Desde niña he oído que si levantas la vista desde el fondo de un pozo ves las estrellas, incluso de
día. Aristóteles escribió al respecto, y también Charles Dickens. La imaginaria visión de ese círculo
de cielo cuajado de estrellas me ha servido de consuelo en muchas noches oscuras. El problema
es que no es verdad. La civilización occidental no ha tenido prisa en renunciar a ese mito. Los
astrónomos lo creyeron durante siglos, pero al final algunos lo pusieron a prueba y la simple
observación les demostró que era una ilusión.

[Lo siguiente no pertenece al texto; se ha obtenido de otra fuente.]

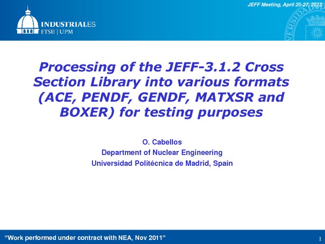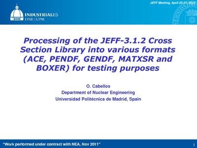 | Título: | Processing of the JEFF-3.1.2 Cross Section Library into various formats (ACE, PENDF, GENDF, MATXSR and BOXER) for testing purposes |
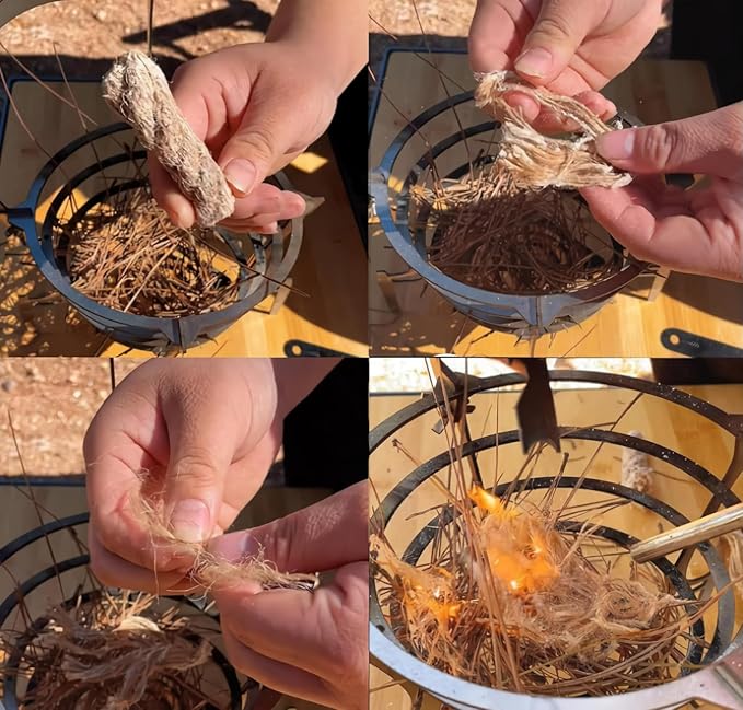 - 【Includes Waxed Tinder Cord – Thick or Thin Options】 Thick Rope (1.2" x 5.2"): 4 strands, ~15 min burn per strand Thin Jute Cord (0.3" x 1.2"): 20 pieces, ~5 min burn each All tinder is eco-friendly, odorless, and lights easily with a match or ferro rod.
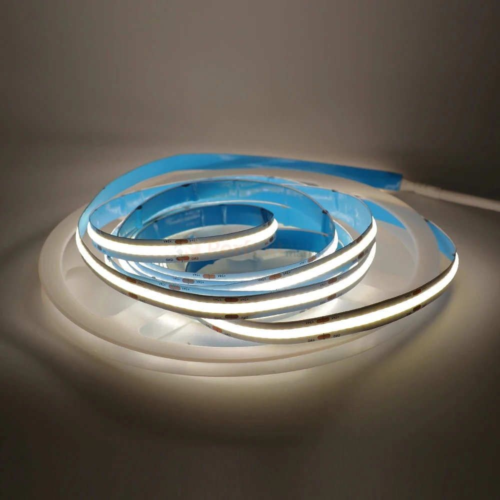 Profesjonalna taśma LED COB 2640 LED na podwójnym wzmacnianym podkładzie PCB 3oz to jeden z najnowszych modeli taśm. Dzięki bardzo dużej ilości diod, możliwe jest uzyskanie jednolitej linii świetlnej nawet przy niskich profilach aluminiowych. Wysoki współczynnik oddawania barw CRI Ra>90 gwarantuje pięknie odwzorowane kolory oświetlanych przedmiotów, wnętrz.
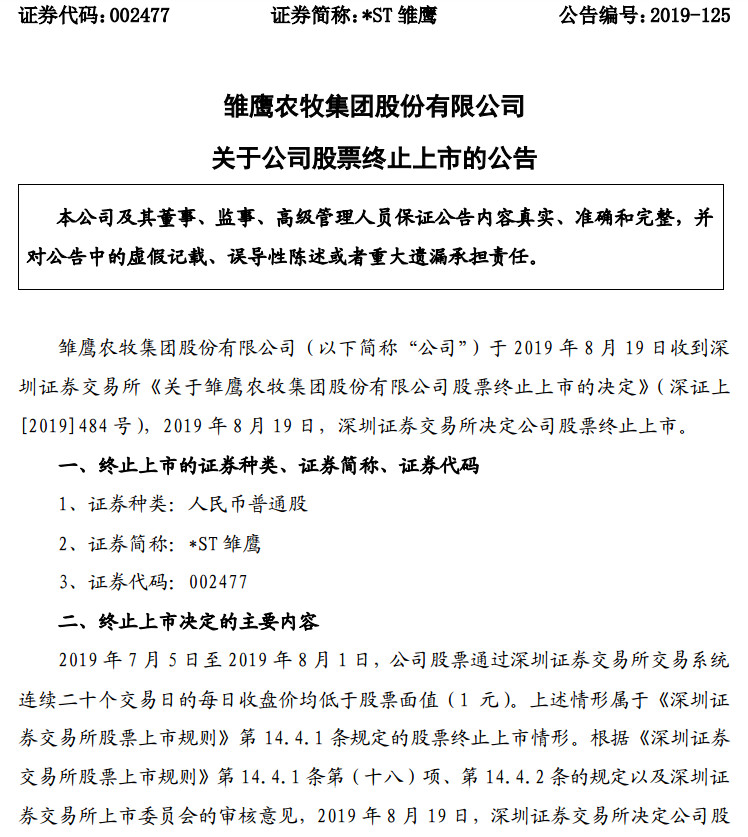 就在刚刚,深交所网站8月19日显示,养猪第一股雏鹰农牧(*ST雏鹰)被终止上市。
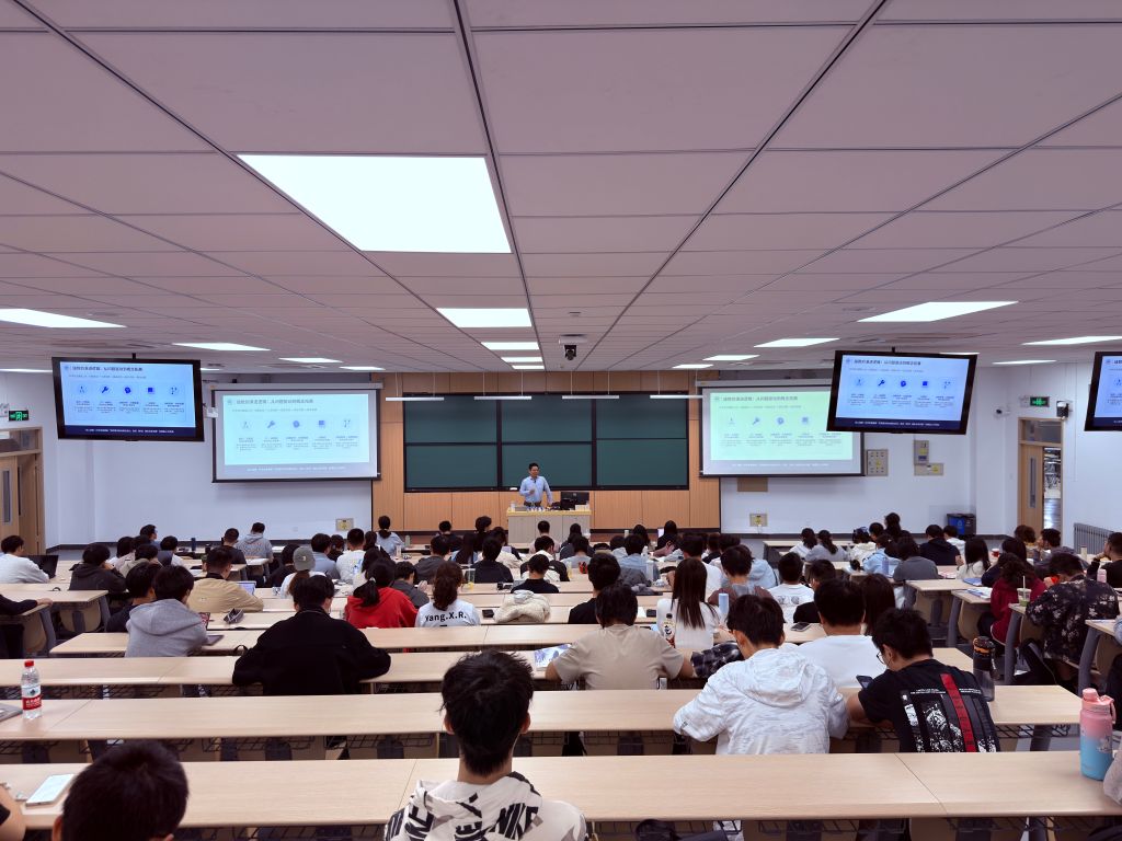 随后,孙玉泉以“级数思想与应用”为主题,为现场两百余名同学展开系统讲解。他从级数理论的发展脉络入手,结合典型例题拆解收敛与发散的判定规则,并深入剖析级数在微积分计算、工程分析中的具体应用,同时对常见概念混淆与计算误区进行了重点点拨。
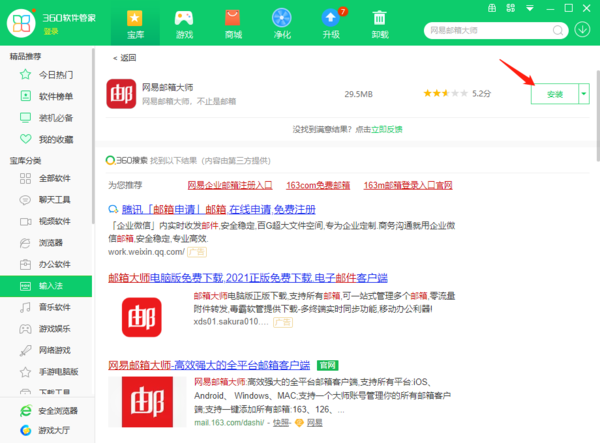 除了通过官网下载网易邮箱大师,我们还可以使用360软件管家下载网易邮箱大师。
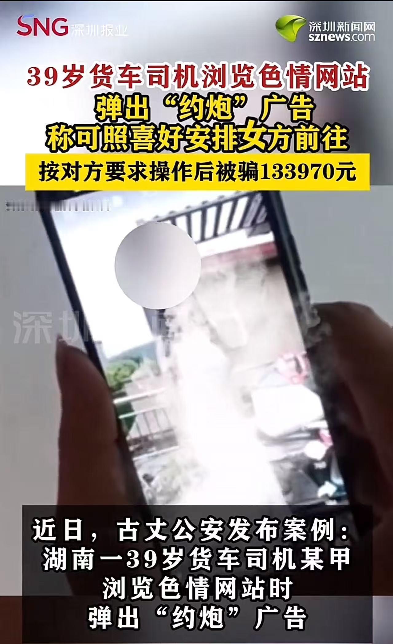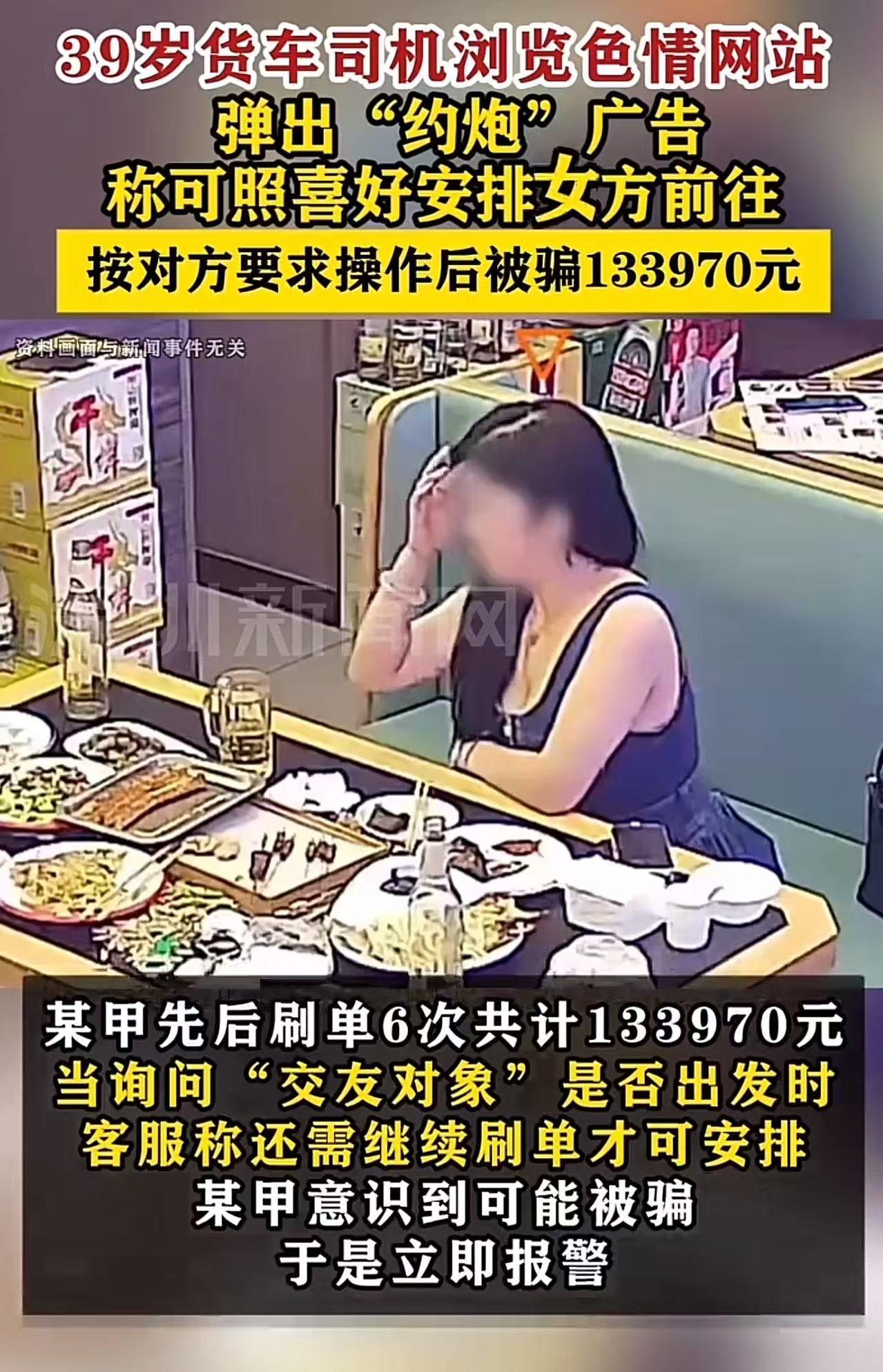 “色字头上一把刀!”湖南,39 岁货车司机浏览色情网站,弹出“约炮”广告,上面的女人看的他热血澎湃,就想找一个“放飞”一下自我!但他按客服要求操作后,被骗 133970 元。司机:“这么多钱没了,连女人的手也没摸到,太难受了!”网友:这13万要拉着货跑多少公里才能弥补! (来源:深圳新闻网) 货车司机贾师傅(化名),常年奔波在高速路上,风餐露宿,日子辛苦又单调。 这天深夜,他刚结束一天的长途运输,疲惫地靠在服务区的车里,想刷手机放松一下。 鬼使神差地,他点进了一个色情网站。屏幕上那些露骨的画面让他越看越上头,整个人像被施了魔法,满脑子都是“放飞自我”的念头,甚至幻想自己能成为片中的男主角,和女演员们“深入交流”。 就在这时,一个“约炮”广告突然弹了出来——画面里的女人个个妩媚动人,身材火辣,贾师傅看得血脉偾张,心跳加速,仿佛下一秒就能和她们“亲密接触”。 欲望冲昏了头脑,他顾不上多想,立刻添加了广告里的客服。 客服告诉他:“为了保证美女的安全,你得先完成刷单任务,我们会根据你的喜好安排‘交友对象’到你所在地,任务完成后,钱还会全额返还。” 贾师傅当时精虫上脑,根本没怀疑这是骗局。他像被操控的木偶,按客服要求刷了6次单,总共转了133970元——这可是他跑车攒下的血汗钱啊! 可当他兴奋地问“美女什么时候到”时,客服却说:“还得继续刷单才能安排。” 贾师傅卡里的钱已经没 了,这才如梦初醒,意识到自己被骗了,赶紧报了警。 民警一查,对方确实是骗子。而钱转出去,想要追回来就难了! 得知真相的贾师傅,哭丧着脸说:“这么多钱没了,连女人的手都没摸到,太难受了!大家一定要吸取我的教训!” 贾师傅的遭遇,看似荒唐,实则发人深省! 骗子利用人性中最原始的冲动,用色情广告当诱饵,用“刷单返利”当幌子,一步步把受害者拖进深渊。 更可悲的是,贾师傅们往往不是“无知”,而是“侥幸”——他们总觉得“自己不会那么倒霉”,总觉得“刷完这单就能见美女”,可现实是:你越贪婪,骗子越猖狂;你越冲动,陷阱越深。 这起事件也暴露了一个残酷真相:在色情内容的诱惑面前,人的理性脆弱得像一张纸。 贾师傅作为货车司机,本该靠双手勤劳致富,却因为一时欲望,把辛苦攒下的钱拱手送人,甚至可能面临家庭破裂、债务缠身的后果。 那些还在幻想“网上约炮”的人,醒醒吧!色情网站是骗子的温床,“刷单返利”是诈骗的套路,你看到的“美女”可能是抠脚大汉,你转的“保证金”可能永远要不回来。 记住:欲望可以理解,但必须克制;贪婪可以理解,但必须警惕。 别让一时的冲动,毁掉你的一生;别让贪婪的念头,让你成为骗子的“提款机”。 “洁身自好,遵守法律”,这不仅是道德要求,更是生存智慧——抵制色情诱惑,远离非法交易,才是保护自己、守护家庭的底线!
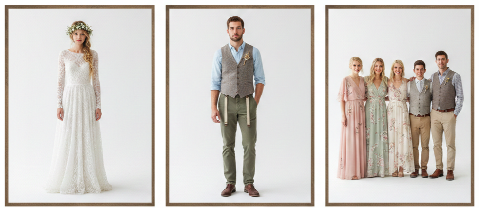 - Groom Style: Suspenders, vests, linen shirts, and relaxed tailoring replace traditional formalwear. Neutral tones with subtle texture work best.
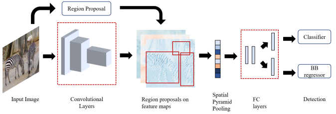 He 等人提出了使用空间金字塔池化(SPP)层来处理任意大小或宽高比的图像。SPP-net 仅在候选区域生成算法之前的卷积层后添加了一个池化层,从而使网络能不再受限于固定尺寸的输入图象,并这一操作能减少大量的计算量。选择性搜索算法用于生成候选窗口。首先通过 ZF-5 网络的卷积层将输入图像映射到特征图,然后将候选窗口映射到特征图上,再将其通过金字塔池化层的空间 bins 转换为固定长度的表示,最后该向量通过全连接层并最终传递给 SVM 分类器以预测类别和分数。与 R-CNN 类似,SPP-net 也使用特定的后处理层来优化目标的定位结果,同时它也使用相同的多阶段训练过程,但仅需要在全连接层上进行微调。
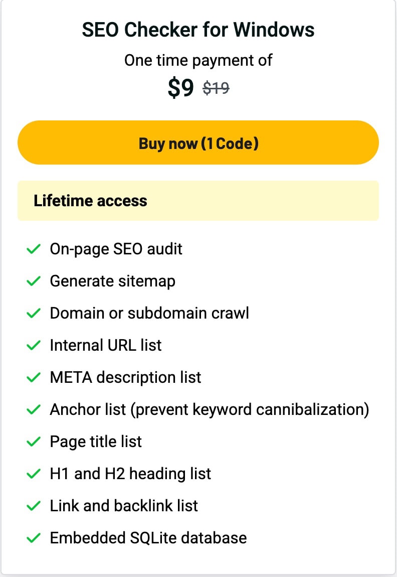 🎖️ Get SEO Checker for Windows Lifetime Deal Tier-1 for $9 with following features:
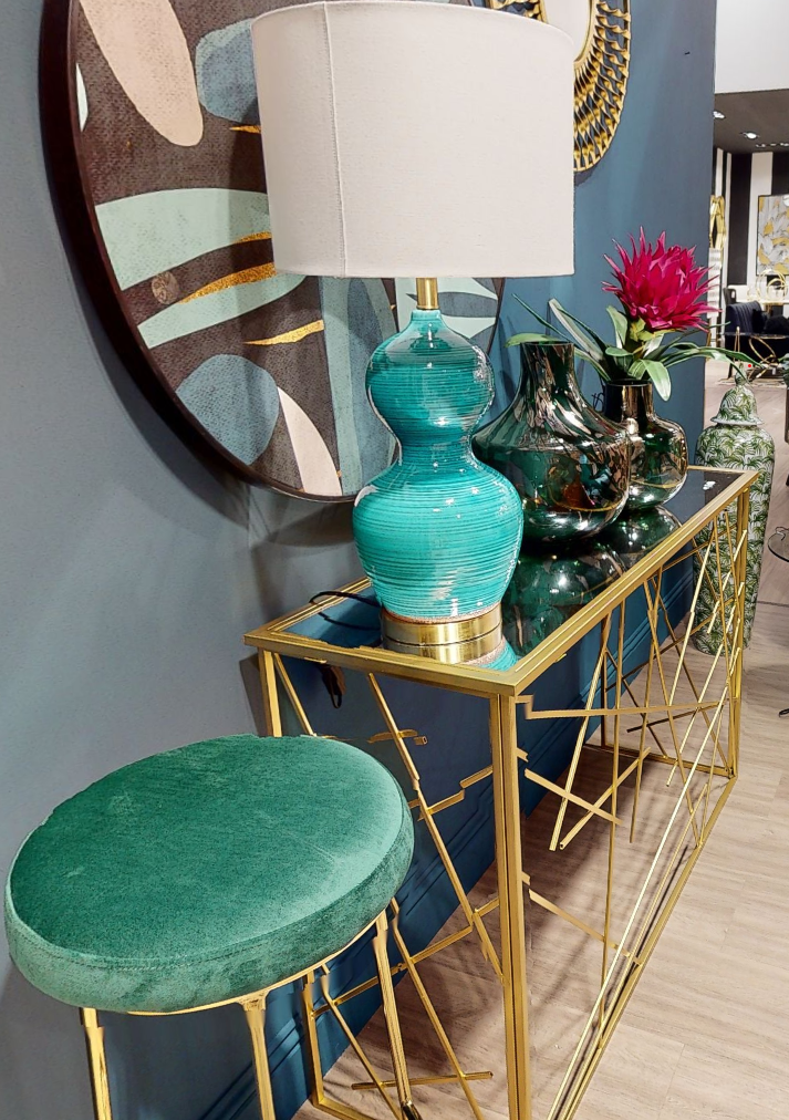 On an entry console, the Green and Gold Large Glass Vase sets a confident first impression with minimal effort.

Tampoco ha tenido prisa la civilización en renunciar al mito de la infinita generosidad de la Tierra.
Convencidos de que ésa era la realidad, nos negamos a ver las pruebas en su contra. Explotamos
los acuíferos y desviamos los ríos. Ahora está cayendo en picado el nivel freático en países que
sostienen a la mitad de la población mundial. Con nuestros dispendios, hemos excedido nuestro
crédito. En 1968 el ecólogo Garrett Hardin escribió un ensayo titulado La tragedia de los bienes
comunes, desde entonces lectura obligada para los estudiantes de biología. Trata de problemas
que sólo se pueden solucionar mediante «un cambio en los valores humanos o las ideas sobre
moral» en situaciones en que la búsqueda racional del interés personal conduce a la ruina colectiva.
Los pastores que comparten unos prados de propiedad común, por ejemplo, incrementarán poco a
poco los rebaños hasta destruir el recurso por sobrepastoreo. En lugar de eso, lo correcto es llegar
a un acuerdo para la autoimposición de unos límites, algo que desde el punto de vista del interés
personal sería impensable en un principio. A pesar de que nuestras leyes llevan implícita la
invariabilidad de la moral, Hardin sostuvo que «la moralidad de una acción depende del estado del
sistema en el momento en que dicha acción se lleva a cabo». Seguramente no era pecado cazar
alguna paloma migratoria norteamericana para hacerse un pastel de carne cuando esta ave, hoy
extinguida, abundaba en el continente.
El agua es el bien común fundamental. Hubo un tiempo en que los ríos parecían tan ilimitados como
aquellas palomas que, por su número, oscurecían el cielo, y la idea de proteger el agua parecía tan
ridícula como la de embotellarla. Pero las reglas cambian. En repetidas ocasiones las sociedades
han estudiado los sistemas hidrológicos y han redefinido lo que consideraban un uso racional.
Ahora Ecuador se ha convertido en el primer país del mundo en consagrar en su Constitución los
derechos de la naturaleza, de tal modo que los ríos y los bosques no son simples propiedades sino
que mantienen su derecho a prosperar y florecer. Bajo esa legislación, un ciudadano puede acudir
a los tribunales en nombre de una cuenca fluvial degradada, porque la sociedad reconoce que su
salud es de vital importancia para el bien común. Es posible que otros países sigan el ejemplo de
Ecuador. Las facultades de derecho están ahora reformando sus programas de estudios para
comprender y reconocer los derechos de la naturaleza.
Sobre mi escritorio, un vaso de agua capta la luz de la tarde, y yo sigo en busca de maravillas. ¿De
quién es esta agua? ¿Cómo puedo decir que es mía si su destino es pasar por los ríos y los seres
vivos, en un ciclo eterno? Es una reliquia antigua y resplandeciente, temporalmente confinada en
mi vaso, lista para reunirse otra vez con el resto del agua y mover montañas. Es la moneda de
cambio de la biología, y lo bueno es que podemos conservarla de innumerables maneras. A
diferencia del petróleo, el agua siempre estará con nosotros. Nuestra confianza en la infinita
generosidad de la Tierra era hasta cierto punto fundada, pues cada gota de lluvia volverá tarde o
temprano al océano, y éste ascenderá al firmamento en forma de nubes. Pero hasta cierto punto
era también infundada, porque nosotros no somos importantes para el agua, sino a la inversa.
Nuestra misión consiste en encontrar maneras razonables de sobrevivir dentro de sus límites. El
impulso de los hechos demostrados, la guía de la ciencia y el empeño por proteger los bienes
comunes serán las herramientas de un nuevo siglo. Si contemplamos nuestro planeta de agua con
los ojos abiertos a la maravilla y el asombro, sabremos mejor lo que está en juego, y
comprenderemos cuál es nuestro lugar.